━━━━━ PROVIDED ENTRIES
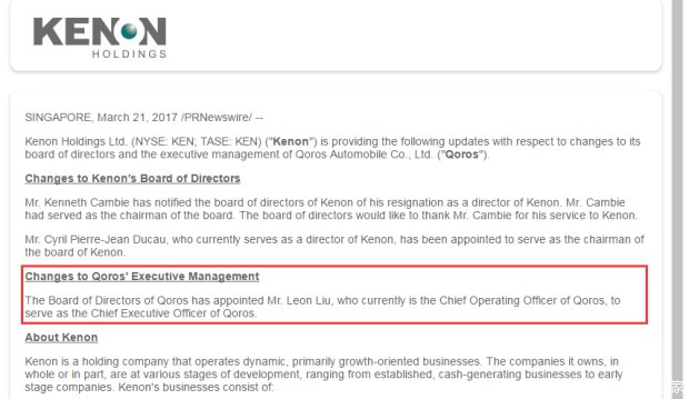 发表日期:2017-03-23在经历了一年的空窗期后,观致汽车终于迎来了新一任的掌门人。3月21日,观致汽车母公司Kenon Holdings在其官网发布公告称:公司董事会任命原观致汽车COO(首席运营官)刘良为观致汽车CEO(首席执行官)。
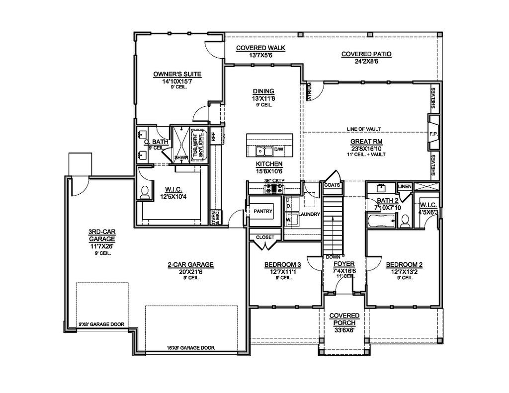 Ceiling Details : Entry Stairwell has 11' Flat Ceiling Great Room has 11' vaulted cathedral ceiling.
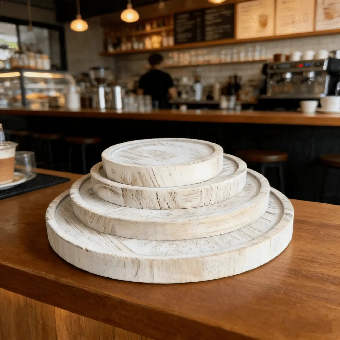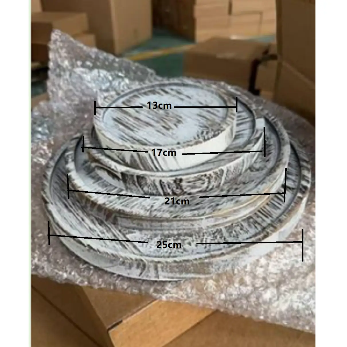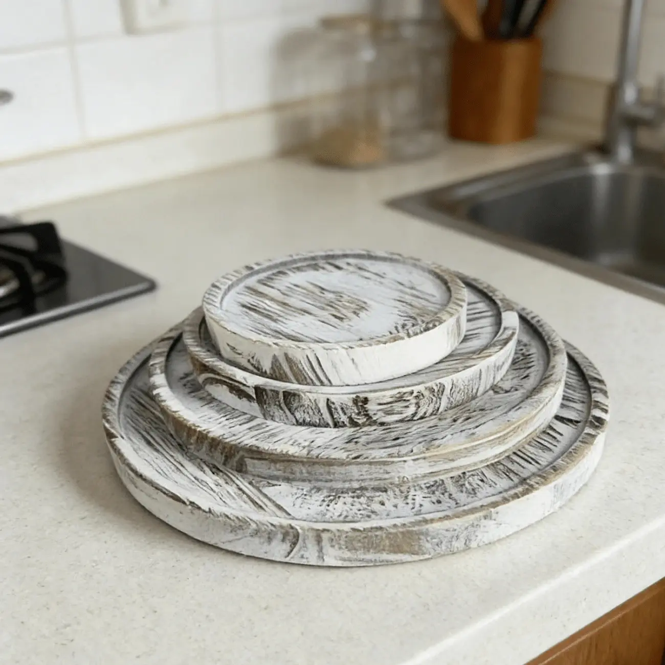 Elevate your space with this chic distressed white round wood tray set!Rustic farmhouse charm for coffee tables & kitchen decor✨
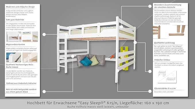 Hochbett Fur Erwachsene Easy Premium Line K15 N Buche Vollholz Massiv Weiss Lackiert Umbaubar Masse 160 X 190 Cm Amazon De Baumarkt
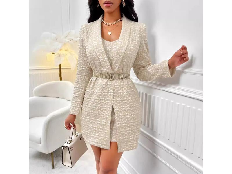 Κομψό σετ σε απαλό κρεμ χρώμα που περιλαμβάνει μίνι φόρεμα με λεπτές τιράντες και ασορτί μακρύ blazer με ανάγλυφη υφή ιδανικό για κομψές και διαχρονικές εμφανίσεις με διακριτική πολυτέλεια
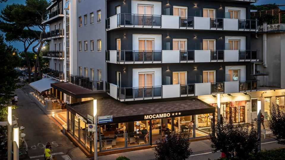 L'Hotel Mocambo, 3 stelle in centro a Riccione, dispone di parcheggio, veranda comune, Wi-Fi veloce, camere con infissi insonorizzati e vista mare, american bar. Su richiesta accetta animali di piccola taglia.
━━━━━━━━━━
WORK ORDER: Write out, exactly and with no pictures, the lines of the data from the first through the line containing "Ceiling Details : Entry".

EXERCISE OUTPUT:
 发表日期:2017-03-23在经历了一年的空窗期后,观致汽车终于迎来了新一任的掌门人。3月21日,观致汽车母公司Kenon Holdings在其官网发布公告称:公司董事会任命原观致汽车COO(首席运营官)刘良为观致汽车CEO(首席执行官)。
 Ceiling Details : Entry Stairwell has 11' Flat Ceiling Great Room has 11' vaulted cathedral ceiling.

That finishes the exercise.